ABC:            # match literal characters 'ABC:'
 *              # zero or more spaces
\([a-zA-Z]+\)   # one or more letters inside of parentheses
 *              # zero or more spaces
(.+)            # capture one or more of any character (except newlines)

To get your desired grouping based on the comments below, you can use the following:

要根据下面的评论获得所需的分组,您可以使用以下方法:

(ABC:) *(\([a-zA-Z]+\).+)

#2


4  

Without knowing the exact regex implementation you're making use of, I can only give general advice. (The syntax I will be perl as that's what I know, some languages will require tweaking)

如果不知道您正在使用的确切的regex实现,我只能给出一般的建议。(我将使用perl作为语法,因为我知道,有些语言需要进行调整)

Looking at ABC: (z) jan 02 1999 \n

看ABC: (z) 1999年1月02日

  • The first thing to match is ABC: So using our regex is /ABC:/
  • 首先要匹配的是ABC:所以使用我们的regex是/ABC:/。
  • You say ABC is always at the start of the string so /^ABC/ will ensure that ABC is at the start of the string.

    你说美国广播公司总是在字符串的开始/ ^校正/将确保在字符串的开始。

  • You can match spaces with the \s (note the case) directive. With all directives you can match one or more with + (or 0 or more with *)

    您可以将空格与\s(注意到案例)指令相匹配。

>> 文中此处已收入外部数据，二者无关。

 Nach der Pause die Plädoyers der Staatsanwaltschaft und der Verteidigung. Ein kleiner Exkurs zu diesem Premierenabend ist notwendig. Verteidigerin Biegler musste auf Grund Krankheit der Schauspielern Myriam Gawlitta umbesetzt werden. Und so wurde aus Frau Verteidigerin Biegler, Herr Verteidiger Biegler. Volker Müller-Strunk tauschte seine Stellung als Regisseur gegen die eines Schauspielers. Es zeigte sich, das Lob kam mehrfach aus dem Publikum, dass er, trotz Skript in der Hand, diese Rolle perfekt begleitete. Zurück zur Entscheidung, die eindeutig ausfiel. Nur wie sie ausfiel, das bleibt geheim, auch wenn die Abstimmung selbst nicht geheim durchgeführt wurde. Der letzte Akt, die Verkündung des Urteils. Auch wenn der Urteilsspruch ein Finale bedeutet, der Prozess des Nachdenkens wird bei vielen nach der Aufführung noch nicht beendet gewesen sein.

使用所有指令,您可以将一个或多个指令与+(或多个指令与*)匹配

  • You need to escape the usage of ( and ) as it's a reserved character. so \(\)

    您需要避免使用(and),因为它是一个保留字符。所以\(\)

  • You can match any non space or newline character with .

    您可以匹配任何非空格或换行字符。

  • You can match anything at all with .* but you need to be careful you're not too greedy and capture everything.

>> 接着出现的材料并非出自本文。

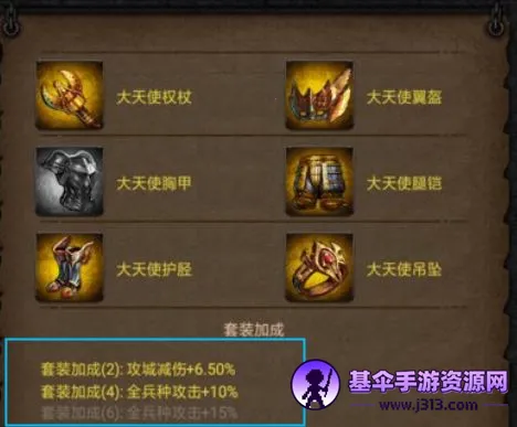 5件金色大天使,没有做任何强化,依然可以激活套装加成(4)。如果身上凑齐6件金色大天使,则可以激活最下面-套装加成(6)对应的属性。

    你可以和任何东西搭配。*但是你需要小心,你不是太贪心,什么都能捕捉到。

So in order to capture what you've asked. I would use /^ABC:\s*\(.+?\)\s*(.+)$/

为了抓住你的问题。我将使用/ ^ ABC:\ s * \(+ ? \)\ s *(. +)/美元

Which I read as:

我理解为:

Begins with ABC:

始于美国广播公司(ABC):

May have some spaces

可能有一些空间

has (

有(

has some characters

有一些字符

has )

)

may have some spaces

可能有一些空间

then capture everything until the end of the line (which is $).

然后捕获所有内容,直到行尾(即$)。

I highly recommend keeping a copy of the following laying about http://www.cheatography.com/davechild/cheat-sheets/regular-expressions/

我强烈建议保存以下关于http://www.cheatography.com/davechild/cheat-sheets/regular-expressions/的文章

#3


0  

This should fulfill your requirements.

这应该满足您的要求。

ABC:\s*(\(\D+\)\s*.*?)\\n

美国广播公司(ABC):\ s *(\ \ D + \ \ s *。* ?)\ \ n

Here it is with some tests http://www.regexplanet.com/cookbook/ahJzfnJlZ2V4cGxhbmV0LWhyZHNyDgsSBlJlY2lwZRiEjiUM/index.html

这里有一些测试http://www.reg解释器.com/cookbook/ahjzfnjlz2v4cgxhbmv0lwhyzhnydgbljly2lwzriejium/index.html

Futher reading on regular expressions: http://www.regular-expressions.info/characters.html

进一步阅读正则表达式:http://www.regular-expressions.info/characters.html

#1


30  

The following should work:

以下工作:

ABC: *\([a-zA-Z]+\) *(.+)

Explanation:

解释:

ABC:            # match literal characters 'ABC:'
 *              # zero or more spaces
\([a-zA-Z]+\)   # one or more letters inside of parentheses
 *              # zero or more spaces
(.+)            # capture one or more of any character (except newlines)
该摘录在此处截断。